▶ Exercise description
Without including any pictures, copy every line below exactly.

▶ Data supplied
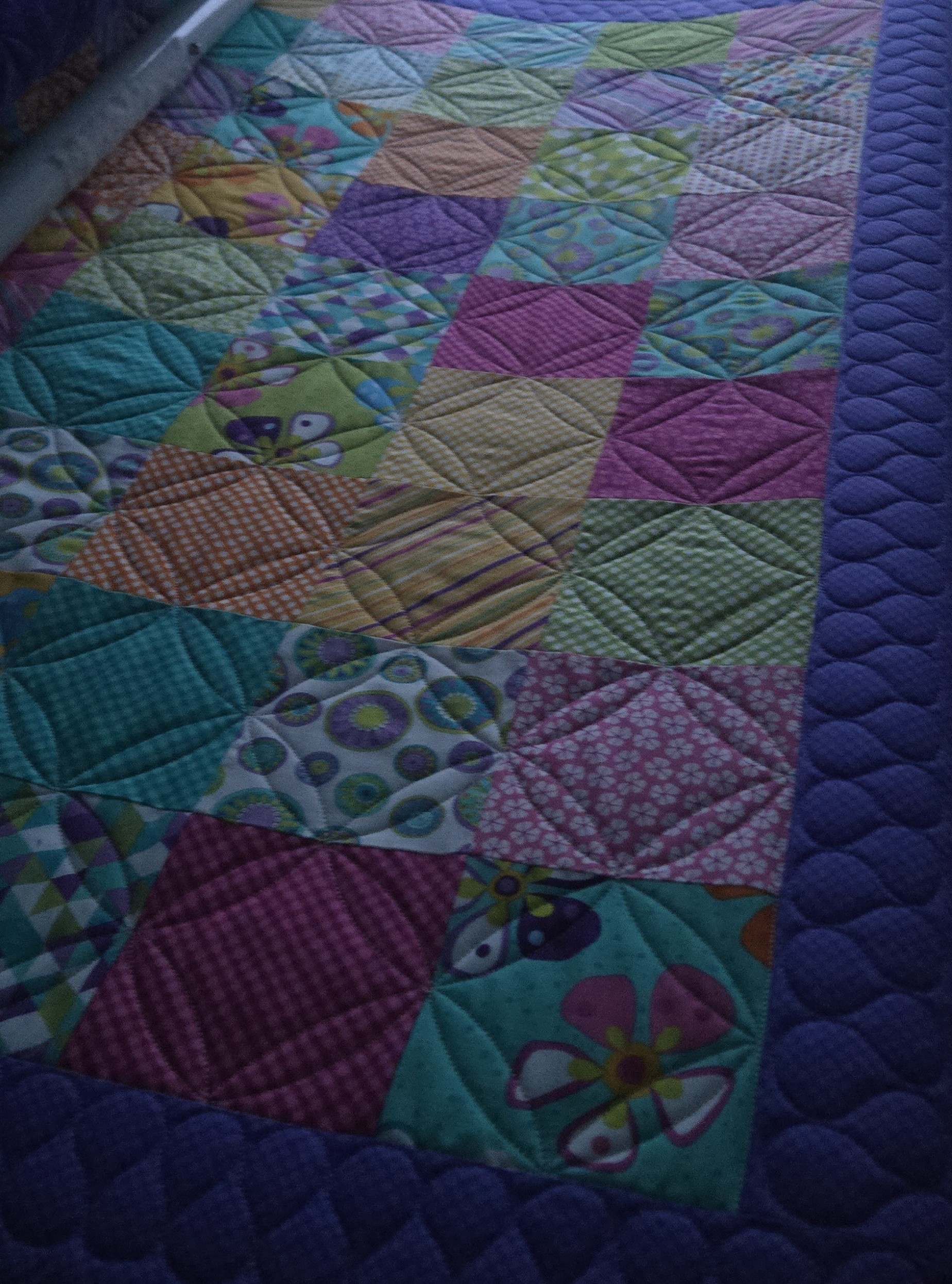 I love minky quilt backing. I know many people struggle with it. I don't really struggle, but I do make sure that I use my clamps with minimal tension, and I don't torque the material on the belly bar either.
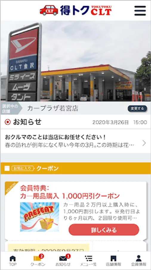 Our official app "Tokutoku CLT" allows you to easily make reservations for car washing and coating, manage the maintenance of your car, and also distribute discount coupons and discount information for various menus that can be used at our shop. increase.
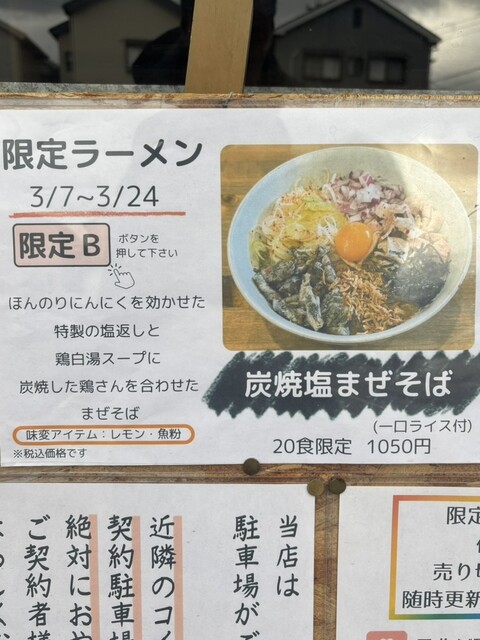 限定の貝塩鶏白湯か?炭焼塩まぜそばか?定番か?
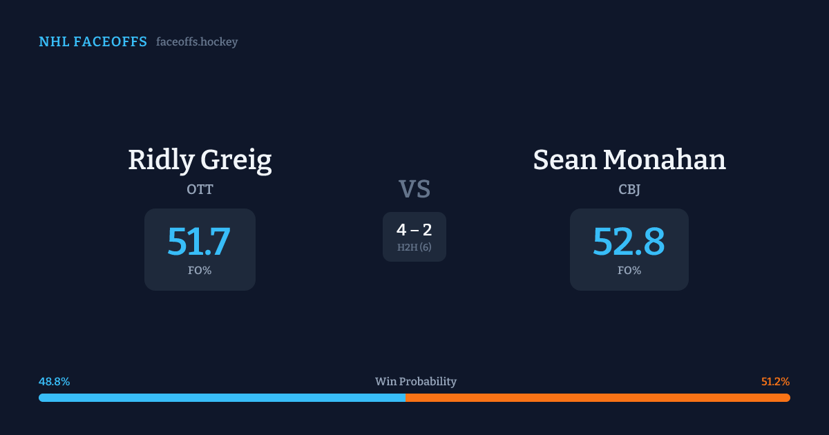 Ridly Greig vs Sean Monahan — Faceoff Head-to-Head
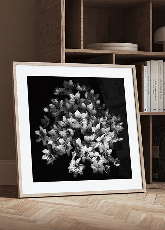 Early Sensation van Yvette Depaepe is een poëtisch, zwart-wit portret van bloeiende clematis. Tegen een diepe, fluweelzachte donkere achtergrond komen lichtgevende bloemblaadjes tevoorschijn met sculpturale rondingen en fijne nerven, die het rustige drama van de bloemen onthullen. Een verfijnd botanisch stilleven met rust, contrast en tijdloze elegantie. Gemaakt in Brugge, België.
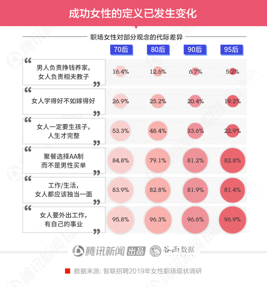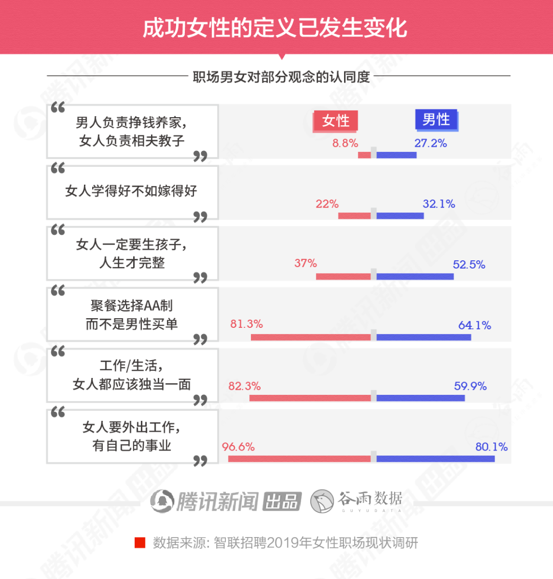 据智联招聘2019年的调研,针对“成功女性”的定义职场男女观点差异较大。比如仅有8.8%的女性认同“男人负责挣钱养家,女人负责相夫教子”,占比不足一成。过半男性认同“女人一定要生孩子,人生才完整”,但支持这句话的女性仅有37%。
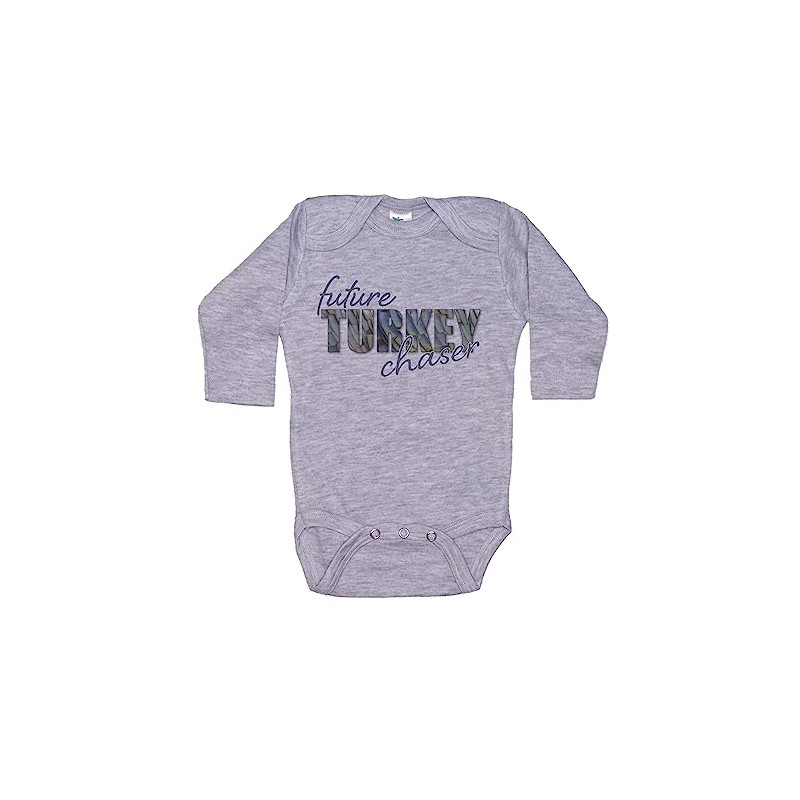 Ebenezer Fire Hunting Baby Onesie/Future Turkey Chaser/Baby Turkey Outfit/Turkey Hunter Baby Bodysuit/Unisex Infant Romper (Grey LS, 12-18M)
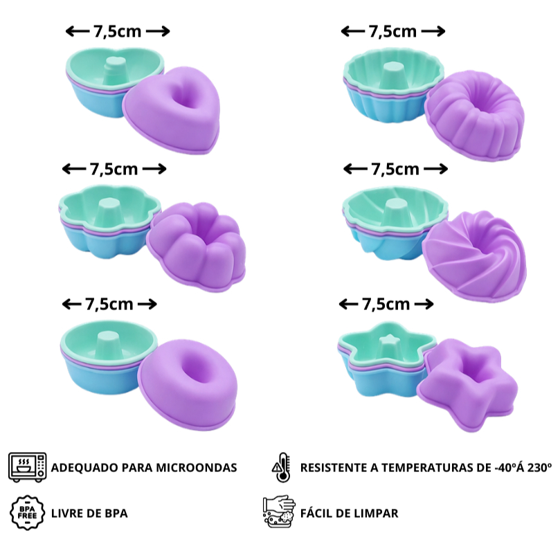 🎨 Cores sortidas enviadas conforme disponibilidade em estoque. 📐 Confira sempre as medidas nas imagens antes de comprar. 🍩 KIT Formas de Silicone para Bolo e Pudim – Diversos Modelos 🍮 Deixe suas receitas ainda mais fofas e divertidas com essas lindas formas de silicone! 🧁 Perfeitas para bolinhos, pudins, donuts e muito mais! Super práticas, resistentes e fáceis de usar! 💪✨ 📦 A embalagem compõe um kit com 12 unidades sendo 2 unidades de cada modelo (total 12 unidades) 🌟 Estrela - 📏 7,5cm(L) x 2,6cm(A) 🍩 Donuts - 📏 7,5cm(L) x 2,6cm(A) ❤️ Coração - 📏 7,5cm(L) x 2,6cm(A) 🌀 Espiral - 📏 7,5cm(L) x 2,6cm(A) 🧁 Bolinho Ondulado - 📏 7,5cm(L) x 2,6cm(A) 🍰 Bolinho de Gomos - 📏 7,5cm(L) x 2,6cm(A) ✨ Características: -Temperatura suportada de -40°C a 230°C -Resistente ao forno, micro-ondas e air fryer -Livre de BPA -Fabricado em silicone de grau alimentício -Flexível, dobrável e moldável -Antiaderente, lavável e reutilizável -Fácil de desenformar e limpar -Perfeito para: Bolinhos, doces, chocolates, gelatinas e muito mais! 📦 Informações adicionais: ✅ Garantia de 90 dias ✅ Produtos a pronta entrega ✅ Envio rápido ✅ Todos os itens são verificados antes do envio
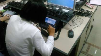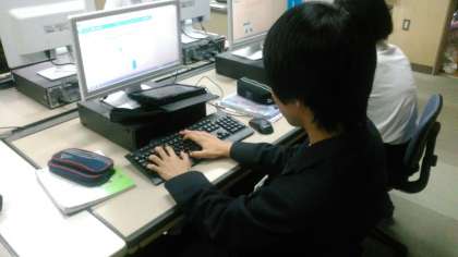 本日3限の3年技術の授業の様子です。前半はタイピングの練習。パソコン室備え付けのパソコンにインストールされたコンテンツを活用して、キーボードを用いてタイピングの練習をしました。画面に現れた簡単な日常会話をローマ字で打ち、画面上で日本語に変換します。速さと正しさが、画面上で10点満点で表されるので、みんな真剣そのものです。後半はタブレットを用いて、自動販売機やルームクーラーなどのプログラミング機器の情報処理の手順について、フローチャート図を描いて考察を深めました。

▶ Problem solution
 I love minky quilt backing. I know many people struggle with it. I don't really struggle, but I do make sure that I use my clamps with minimal tension, and I don't torque the material on the belly bar either.
 Our official app "Tokutoku CLT" allows you to easily make reservations for car washing and coating, manage the maintenance of your car, and also distribute discount coupons and discount information for various menus that can be used at our shop. increase.
 限定の貝塩鶏白湯か?炭焼塩まぜそばか?定番か?
 Ridly Greig vs Sean Monahan — Faceoff Head-to-Head
 Early Sensation van Yvette Depaepe is een poëtisch, zwart-wit portret van bloeiende clematis. Tegen een diepe, fluweelzachte donkere achtergrond komen lichtgevende bloemblaadjes tevoorschijn met sculpturale rondingen en fijne nerven, die het rustige drama van de bloemen onthullen. Een verfijnd botanisch stilleven met rust, contrast en tijdloze elegantie. Gemaakt in Brugge, België.
 据智联招聘2019年的调研,针对“成功女性”的定义职场男女观点差异较大。比如仅有8.8%的女性认同“男人负责挣钱养家,女人负责相夫教子”,占比不足一成。过半男性认同“女人一定要生孩子,人生才完整”,但支持这句话的女性仅有37%。
 Ebenezer Fire Hunting Baby Onesie/Future Turkey Chaser/Baby Turkey Outfit/Turkey Hunter Baby Bodysuit/Unisex Infant Romper (Grey LS, 12-18M)
 🎨 Cores sortidas enviadas conforme disponibilidade em estoque. 📐 Confira sempre as medidas nas imagens antes de comprar. 🍩 KIT Formas de Silicone para Bolo e Pudim – Diversos Modelos 🍮 Deixe suas receitas ainda mais fofas e divertidas com essas lindas formas de silicone! 🧁 Perfeitas para bolinhos, pudins, donuts e muito mais! Super práticas, resistentes e fáceis de usar! 💪✨ 📦 A embalagem compõe um kit com 12 unidades sendo 2 unidades de cada modelo (total 12 unidades) 🌟 Estrela - 📏 7,5cm(L) x 2,6cm(A) 🍩 Donuts - 📏 7,5cm(L) x 2,6cm(A) ❤️ Coração - 📏 7,5cm(L) x 2,6cm(A) 🌀 Espiral - 📏 7,5cm(L) x 2,6cm(A) 🧁 Bolinho Ondulado - 📏 7,5cm(L) x 2,6cm(A) 🍰 Bolinho de Gomos - 📏 7,5cm(L) x 2,6cm(A) ✨ Características: -Temperatura suportada de -40°C a 230°C -Resistente ao forno, micro-ondas e air fryer -Livre de BPA -Fabricado em silicone de grau alimentício -Flexível, dobrável e moldável -Antiaderente, lavável e reutilizável -Fácil de desenformar e limpar -Perfeito para: Bolinhos, doces, chocolates, gelatinas e muito mais! 📦 Informações adicionais: ✅ Garantia de 90 dias ✅ Produtos a pronta entrega ✅ Envio rápido ✅ Todos os itens são verificados antes do envio
 本日3限の3年技術の授業の様子です。前半はタイピングの練習。パソコン室備え付けのパソコンにインストールされたコンテンツを活用して、キーボードを用いてタイピングの練習をしました。画面に現れた簡単な日常会話をローマ字で打ち、画面上で日本語に変換します。速さと正しさが、画面上で10点満点で表されるので、みんな真剣そのものです。後半はタブレットを用いて、自動販売機やルームクーラーなどのプログラミング機器の情報処理の手順について、フローチャート図を描いて考察を深めました。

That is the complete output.